--- START ---
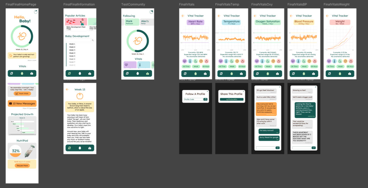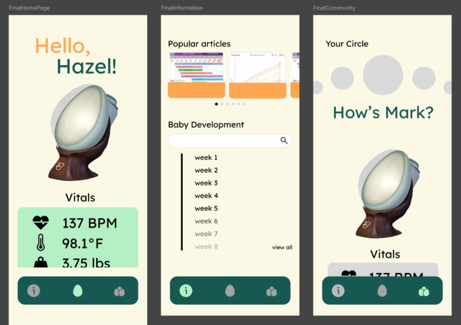 Our initial pitch focused on three core flows - a vitals tracker embedded within the incubator, an information page tracking the detail of each week of gestation, and a social feature to explore the dystopian effects of increased coparenting surveillance. "It takes a village to raise a child" and all.The abundance of egg motifs was especially on the nose for an incubator, but we felt that the concept of an egg didn’t necessarily feel feminine more so than it felt “baby”. Thus we decided to model the physical pod and our navigation icons around eggs, and introduced a yellowish orange that complimented our green as a sort of yolk color. These aesthetic choices allowed us to stay rather gender neutral while still evoking traditional parental, nurturing vibes.
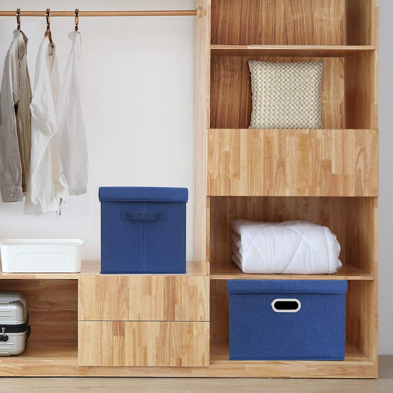 TYEERS Collapsible Storage Bins With Lids, Large Fabric Storage Boxes - 2 Pack - Classic Blue
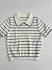 Camiseta casual feminina de malha fina estilo europeu e americano, manga curta, gola polo de verão com renda e emenda
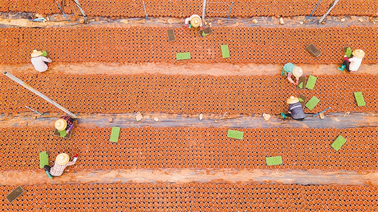 2月26日博鳌镇的花农在培育花卉。春暖花开时节,琼海博鳌一处大型花卉基地的花农正在加紧培育花苗,用于绿化美化城乡。特约记者 蒙钟德 摄
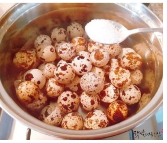 힘조절 잘 하셔서 흔들어 주세요.그럼 마구 흔든다 보면 다 까진 메추리알도 있고
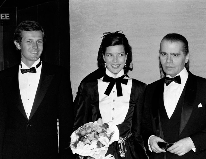 • Carolina de Monaco flanqueada por su marido, Stefano Casiraghi, y Karl Lagerfeld, en el Baile de la Rosa de 1985
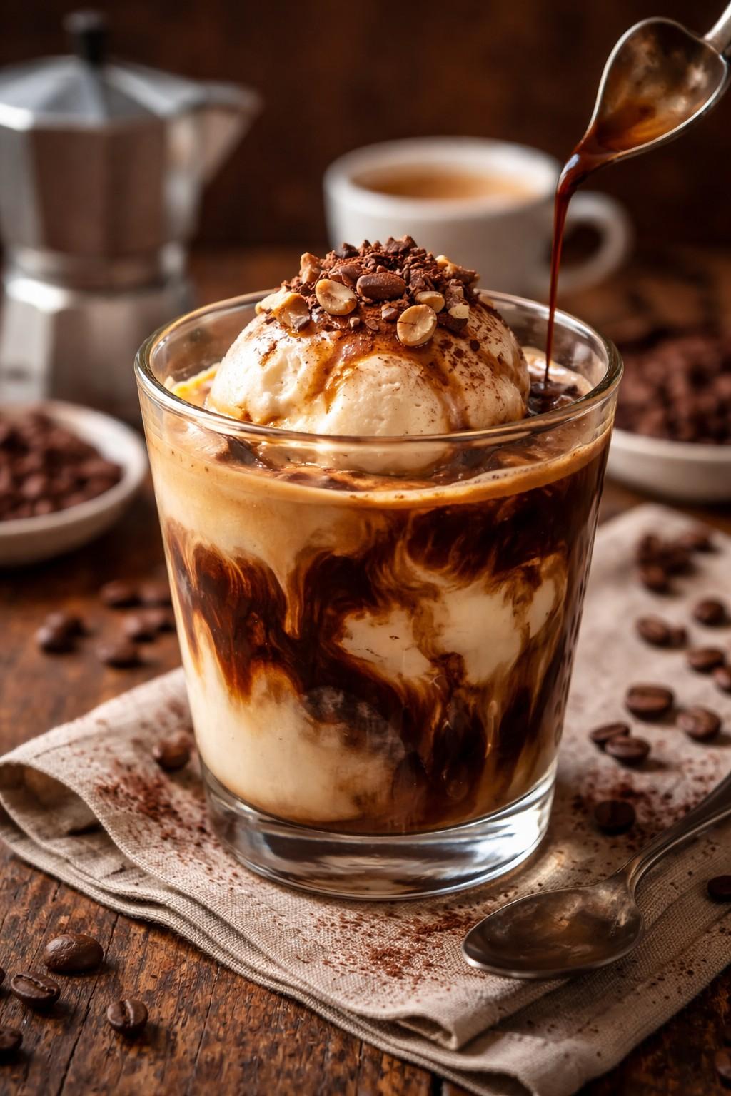 Secara harfiah, kata “affogato” berarti “tenggelam” dalam bahasa Italia. Gelato vanila yang creamy akan “tenggelam” dalam espresso panas, meleleh perlahan dan bercampur dengan kopi. Proses ini menciptakan rasa yang seimbang antara manis dan pahit, sekaligus memberikan tekstur yang lembut dan memanjakan lidah. Beberapa orang menambahkan taburan cokelat, kacang, atau liqueur untuk sensasi tambahan, namun versi klasik Larzo tetap jadi favorit karena kesederhanaannya yang elegan dan nikmat.
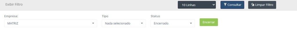 - Tipo: Selecione o tipo do encerramento desejado: Todos, Financeiro e Fiscal.
--- END ---
Exclude every picture and restate the listing word for word.

Task solution »
 Our initial pitch focused on three core flows - a vitals tracker embedded within the incubator, an information page tracking the detail of each week of gestation, and a social feature to explore the dystopian effects of increased coparenting surveillance. "It takes a village to raise a child" and all.The abundance of egg motifs was especially on the nose for an incubator, but we felt that the concept of an egg didn’t necessarily feel feminine more so than it felt “baby”. Thus we decided to model the physical pod and our navigation icons around eggs, and introduced a yellowish orange that complimented our green as a sort of yolk color. These aesthetic choices allowed us to stay rather gender neutral while still evoking traditional parental, nurturing vibes.
 TYEERS Collapsible Storage Bins With Lids, Large Fabric Storage Boxes - 2 Pack - Classic Blue
 Camiseta casual feminina de malha fina estilo europeu e americano, manga curta, gola polo de verão com renda e emenda
 2月26日博鳌镇的花农在培育花卉。春暖花开时节,琼海博鳌一处大型花卉基地的花农正在加紧培育花苗,用于绿化美化城乡。特约记者 蒙钟德 摄
 힘조절 잘 하셔서 흔들어 주세요.그럼 마구 흔든다 보면 다 까진 메추리알도 있고
 • Carolina de Monaco flanqueada por su marido, Stefano Casiraghi, y Karl Lagerfeld, en el Baile de la Rosa de 1985
 Secara harfiah, kata “affogato” berarti “tenggelam” dalam bahasa Italia. Gelato vanila yang creamy akan “tenggelam” dalam espresso panas, meleleh perlahan dan bercampur dengan kopi. Proses ini menciptakan rasa yang seimbang antara manis dan pahit, sekaligus memberikan tekstur yang lembut dan memanjakan lidah. Beberapa orang menambahkan taburan cokelat, kacang, atau liqueur untuk sensasi tambahan, namun versi klasik Larzo tetap jadi favorit karena kesederhanaannya yang elegan dan nikmat.
 - Tipo: Selecione o tipo do encerramento desejado: Todos, Financeiro e Fiscal.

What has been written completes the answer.